@Bangkok ready d1 Please see above for the kind of intellectual divide we're talking about.
Obviously, the issue is complicated. But, basically, with the modern economy, the best and brightest from rural areas tend to get advanced degrees and then move into cities where they can get good-paying jobs that require those degrees. Someone from Population-500, Kansas who gets into Harvard to study molecular biology is obviously not likely to ever return to rural life because it doesn't have any of the institutions or employers that need their expertise and can compensation them. So they move to Chicago, or Seattle, or Atlanta, etc.
The result is a brain-drain of sort, where rural America is much less educated and is also much less exposed to the cultural diversity of urban areas. And that cultural and racial diversity scares them very much, it seems.

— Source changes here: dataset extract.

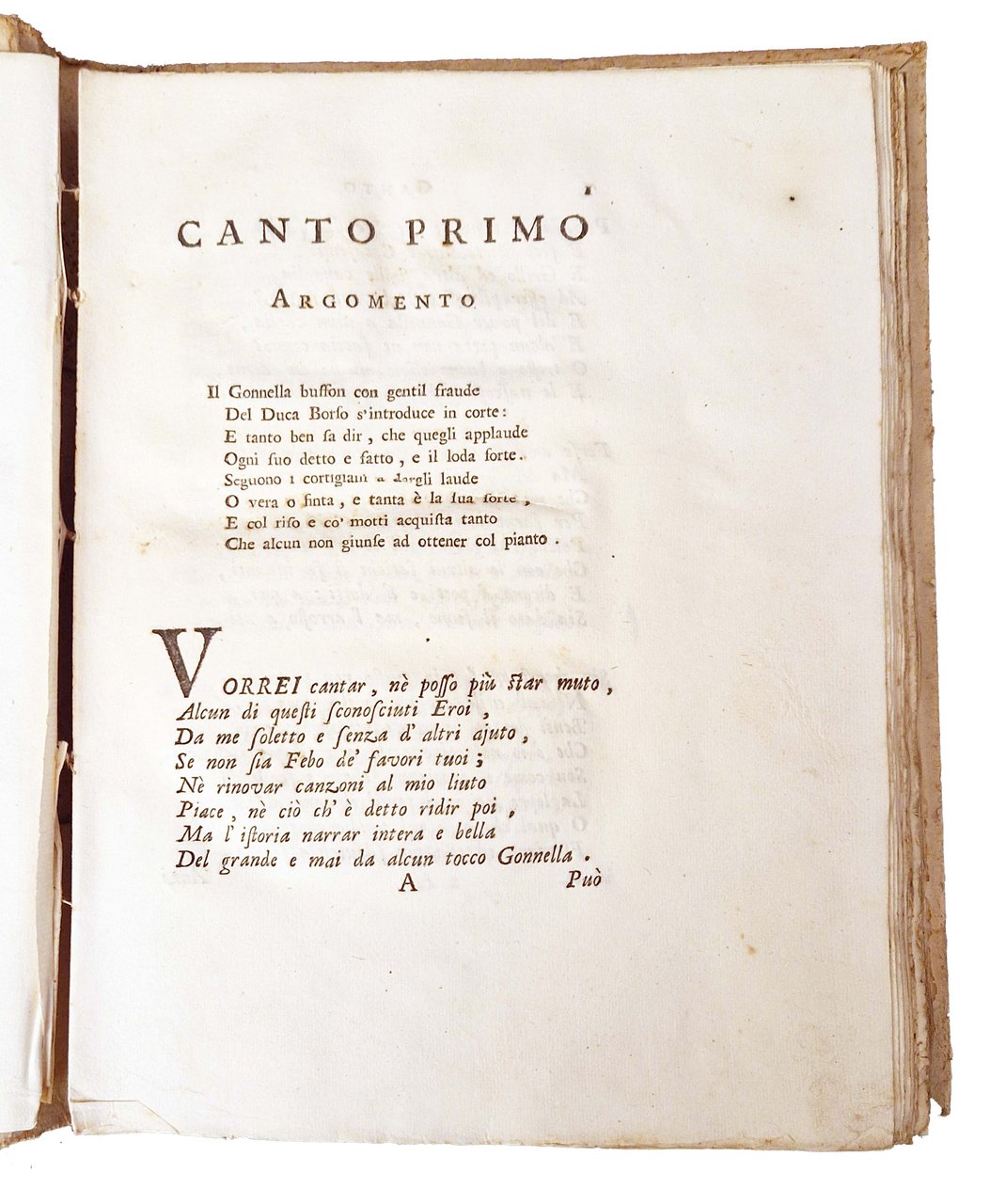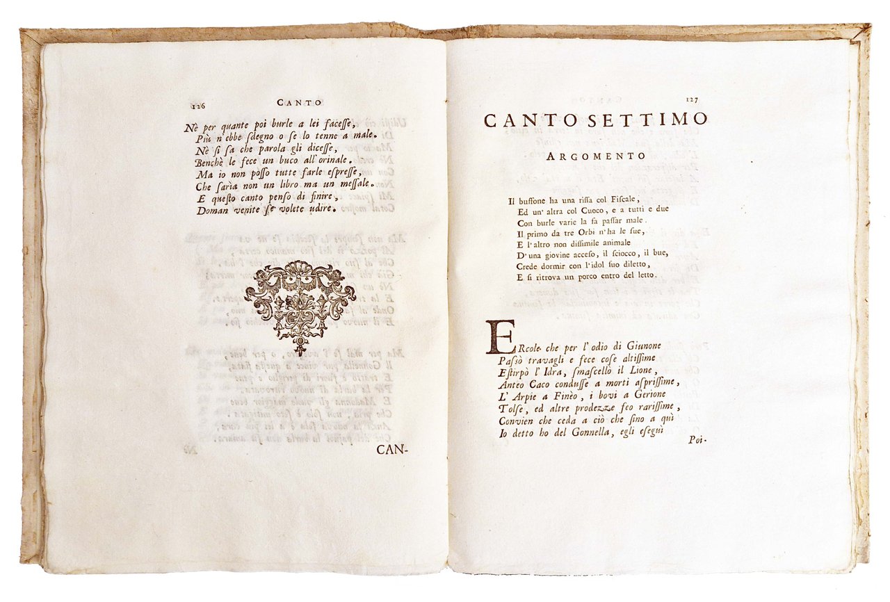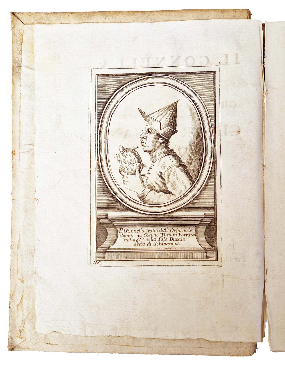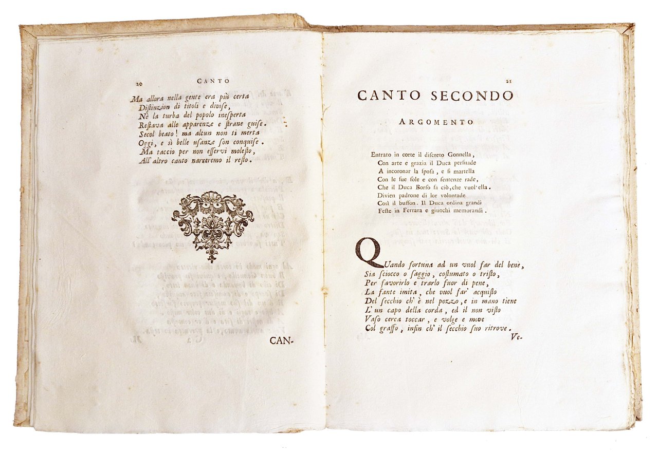 in-4°, 296x224 mm, leg. coeva in cartonato grezzo muto, con titolo manoscritto al dorso; pp. [4], 280, [1] carta di tav.; all'antiporta ritratto calcografico del Gonnella firmato con monogramma M.O. tratto dall'originale dipinto da Cosimo Tura in Ferrara nel 1465 nella sala ducale detta di Schivanoia). Il Gonnella è ritratto con il copricapo a punta, emblema dalla professione di buffone di corte, e la tartaruga fra le mani, emblema della saggezza. Prima e unica edizione del poema giocoso in ottava di Giulio Cesare Becelli, in cui vengono messe in scena in dodici canti le avventure tragicomiche e le grossolane battute del Gonnella, a cura del Beccelli. Pietro Gonnella, o Gonella (Firenze, 1390 circa – Ferrara, 1441), è stato un giullare italiano, buffone presso la corte ferrarese degli Este. Beccelli, Giulio Cesare (1686-1750) scrittore, traduttore, insegnante e tipografo veronese; entrò giovane nella Compagnia di Gesù, ma già nel 1710 ne usciva. Rif.: IT\ICCU\VIAE\008489. OCLC, 1273539357. Cond.: Tracce d'uso alla legatura (bruniture al dorso, macchie ai piatti. Carte forti e pulite, in barbe, con testo molto marginoso. Esemplare molto buono.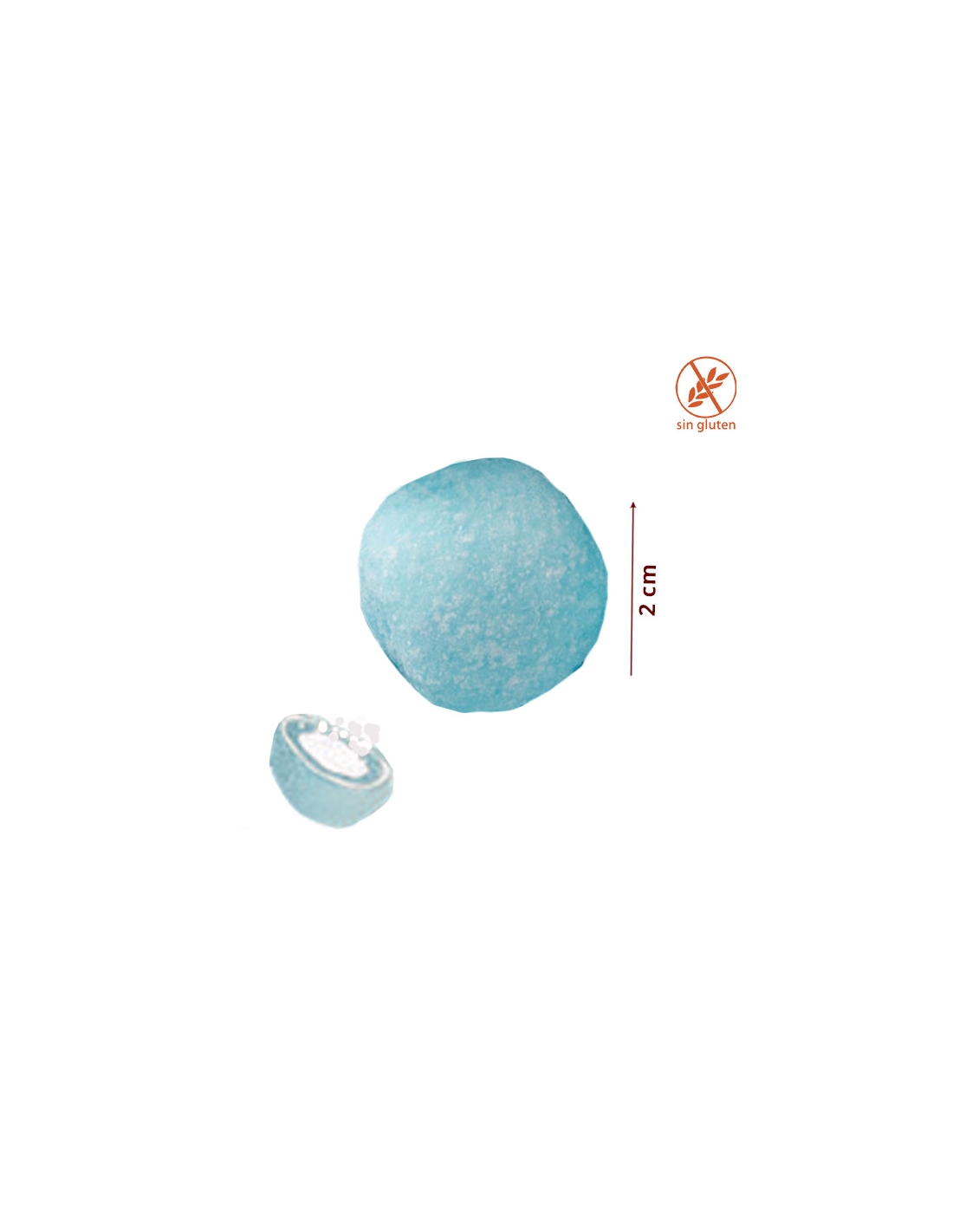 Caramelos Masticables Duros pica Rocket Balls Mora Azul 200uds Frisia son bolitas de caramelo de mora con polvo pica pica en su interior.

This intellectual divide has been massively aggravated by the internet age, particularly with rural communities that did not have great internet access until fairly recently. They are not versed in deciphering propaganda from actual reporting, which to be fair is quite difficult and takes a lot of exposure to the internet to really get a hang of things. This has resulted in massive disinformation bubbles forming across rural communities, where large amounts of these communities really believe in outright falsehoods, like that the Clintons are mass murderers, Bill Gates is using vaccines to microchip people, there's an impending white genocide, etc.